**YOUR GOAL:** Write out, exactly and in full, the records given below, but not their pictures.
--------------------------------------------------
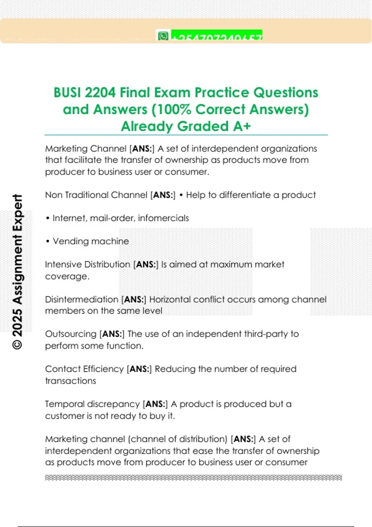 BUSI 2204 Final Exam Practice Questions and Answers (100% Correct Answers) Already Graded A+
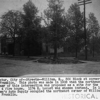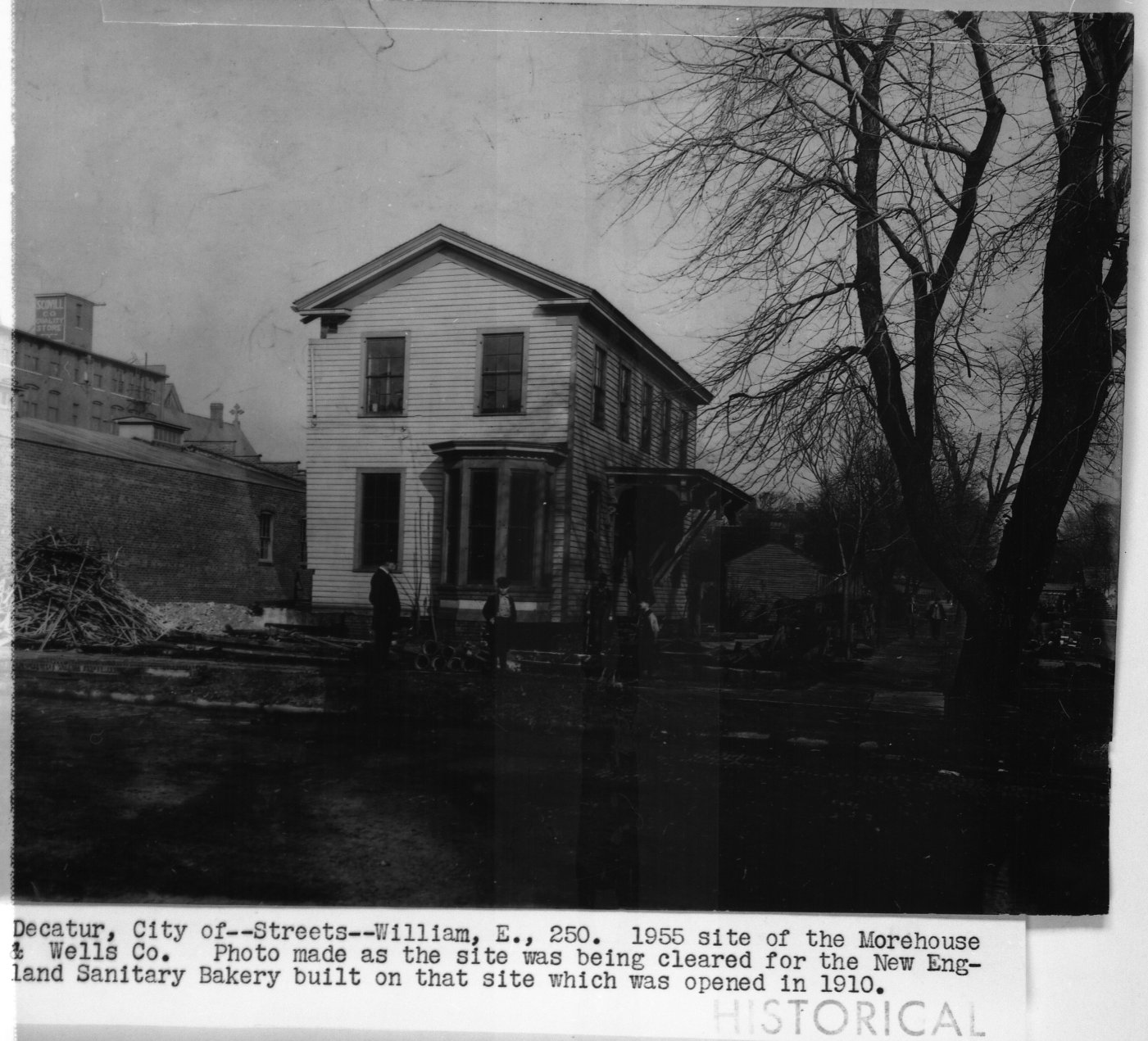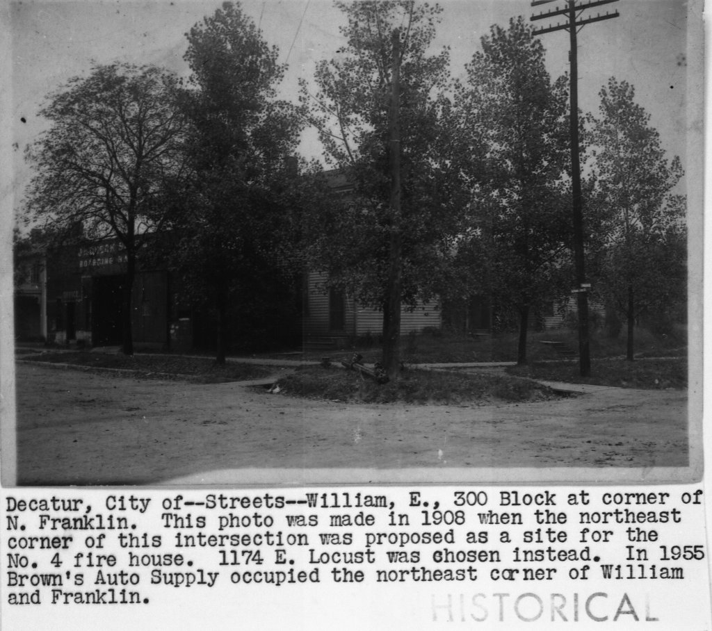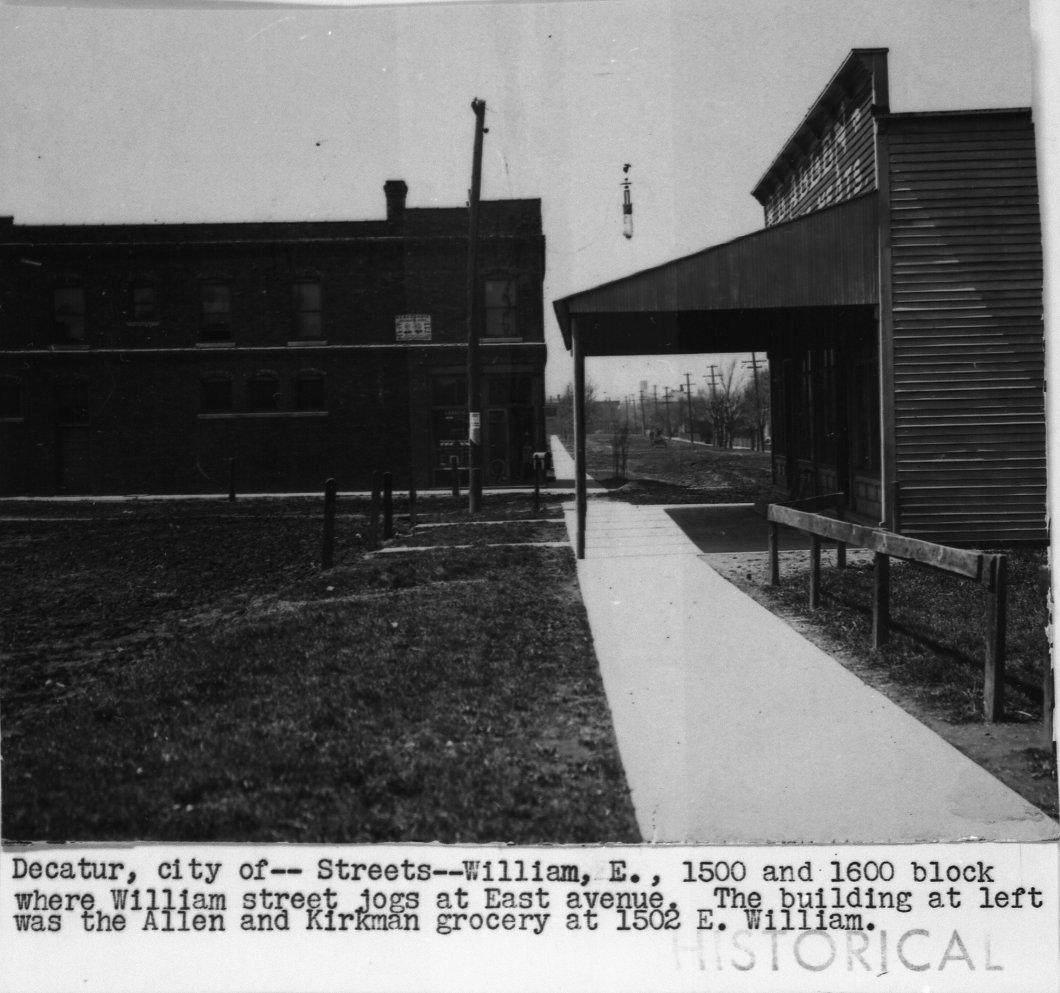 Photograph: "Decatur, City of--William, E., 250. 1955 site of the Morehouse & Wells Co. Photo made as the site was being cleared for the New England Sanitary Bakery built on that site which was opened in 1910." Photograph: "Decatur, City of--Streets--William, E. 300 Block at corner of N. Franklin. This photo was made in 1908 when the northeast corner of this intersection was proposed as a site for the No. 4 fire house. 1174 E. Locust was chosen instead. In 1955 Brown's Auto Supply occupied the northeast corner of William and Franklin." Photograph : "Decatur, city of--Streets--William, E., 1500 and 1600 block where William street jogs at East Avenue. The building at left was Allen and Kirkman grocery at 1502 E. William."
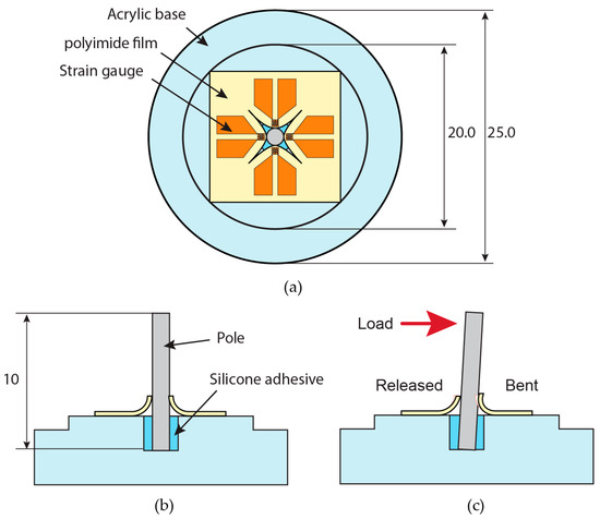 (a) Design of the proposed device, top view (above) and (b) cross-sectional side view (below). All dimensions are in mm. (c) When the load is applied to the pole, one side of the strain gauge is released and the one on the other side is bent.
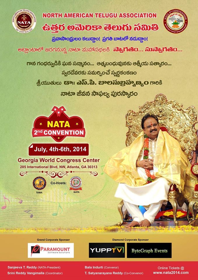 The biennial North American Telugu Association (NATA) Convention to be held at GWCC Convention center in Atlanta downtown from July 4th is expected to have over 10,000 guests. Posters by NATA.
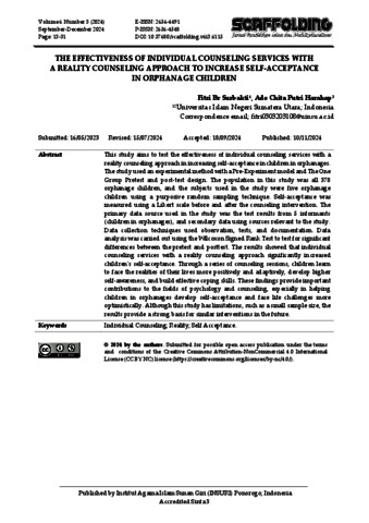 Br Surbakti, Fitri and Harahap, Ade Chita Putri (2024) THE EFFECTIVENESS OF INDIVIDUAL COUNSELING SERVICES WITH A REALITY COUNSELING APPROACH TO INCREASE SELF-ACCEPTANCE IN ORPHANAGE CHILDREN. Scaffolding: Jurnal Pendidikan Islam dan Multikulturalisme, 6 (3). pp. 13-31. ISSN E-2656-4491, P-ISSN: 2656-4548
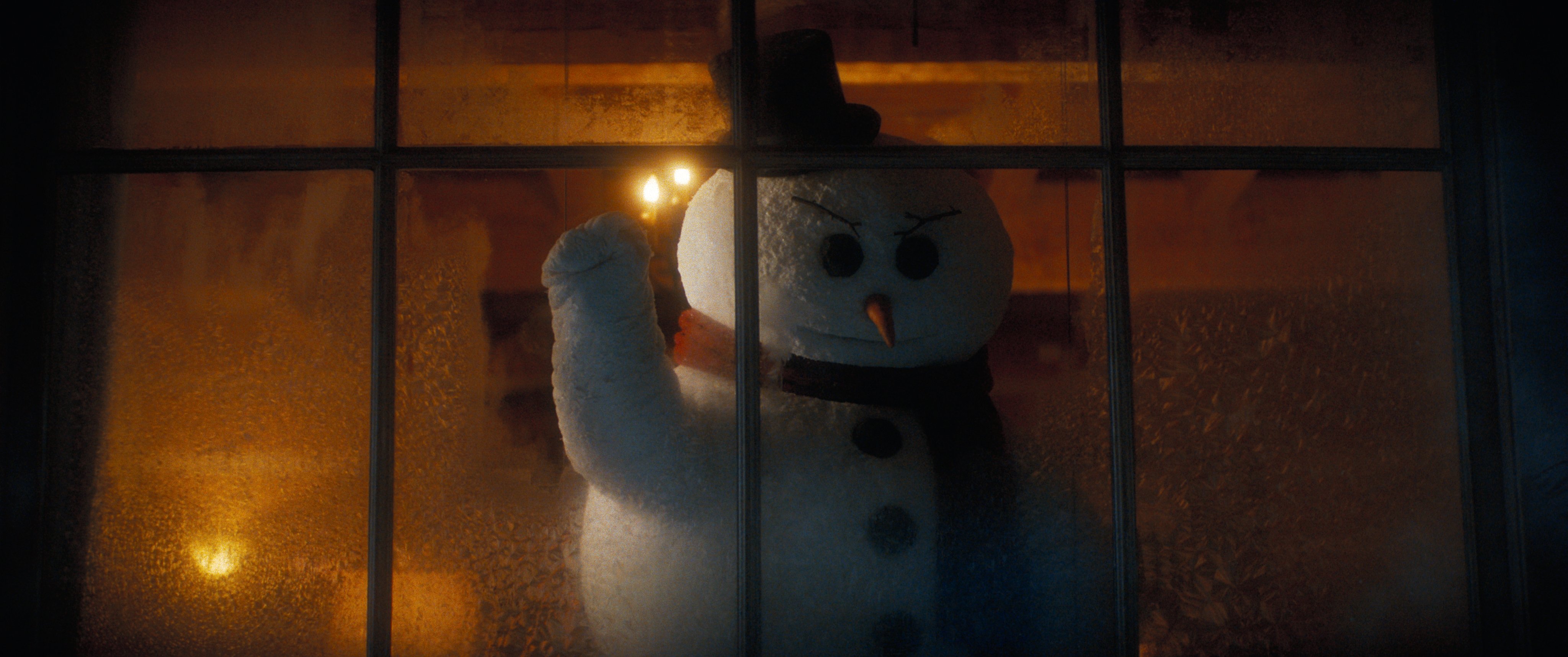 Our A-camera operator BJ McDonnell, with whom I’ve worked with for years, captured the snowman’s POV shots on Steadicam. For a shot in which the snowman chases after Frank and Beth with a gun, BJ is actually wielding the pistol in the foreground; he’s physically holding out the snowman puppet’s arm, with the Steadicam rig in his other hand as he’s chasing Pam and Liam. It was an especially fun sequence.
--------------------------------------------------
**SOLUTION TO THE PROBLEM:**
 BUSI 2204 Final Exam Practice Questions and Answers (100% Correct Answers) Already Graded A+
 Photograph: "Decatur, City of--William, E., 250. 1955 site of the Morehouse & Wells Co. Photo made as the site was being cleared for the New England Sanitary Bakery built on that site which was opened in 1910." Photograph: "Decatur, City of--Streets--William, E. 300 Block at corner of N. Franklin. This photo was made in 1908 when the northeast corner of this intersection was proposed as a site for the No. 4 fire house. 1174 E. Locust was chosen instead. In 1955 Brown's Auto Supply occupied the northeast corner of William and Franklin." Photograph : "Decatur, city of--Streets--William, E., 1500 and 1600 block where William street jogs at East Avenue. The building at left was Allen and Kirkman grocery at 1502 E. William."
 (a) Design of the proposed device, top view (above) and (b) cross-sectional side view (below). All dimensions are in mm. (c) When the load is applied to the pole, one side of the strain gauge is released and the one on the other side is bent.
 The biennial North American Telugu Association (NATA) Convention to be held at GWCC Convention center in Atlanta downtown from July 4th is expected to have over 10,000 guests. Posters by NATA.
 Br Surbakti, Fitri and Harahap, Ade Chita Putri (2024) THE EFFECTIVENESS OF INDIVIDUAL COUNSELING SERVICES WITH A REALITY COUNSELING APPROACH TO INCREASE SELF-ACCEPTANCE IN ORPHANAGE CHILDREN. Scaffolding: Jurnal Pendidikan Islam dan Multikulturalisme, 6 (3). pp. 13-31. ISSN E-2656-4491, P-ISSN: 2656-4548
 Our A-camera operator BJ McDonnell, with whom I’ve worked with for years, captured the snowman’s POV shots on Steadicam. For a shot in which the snowman chases after Frank and Beth with a gun, BJ is actually wielding the pistol in the foreground; he’s physically holding out the snowman puppet’s arm, with the Steadicam rig in his other hand as he’s chasing Pam and Liam. It was an especially fun sequence.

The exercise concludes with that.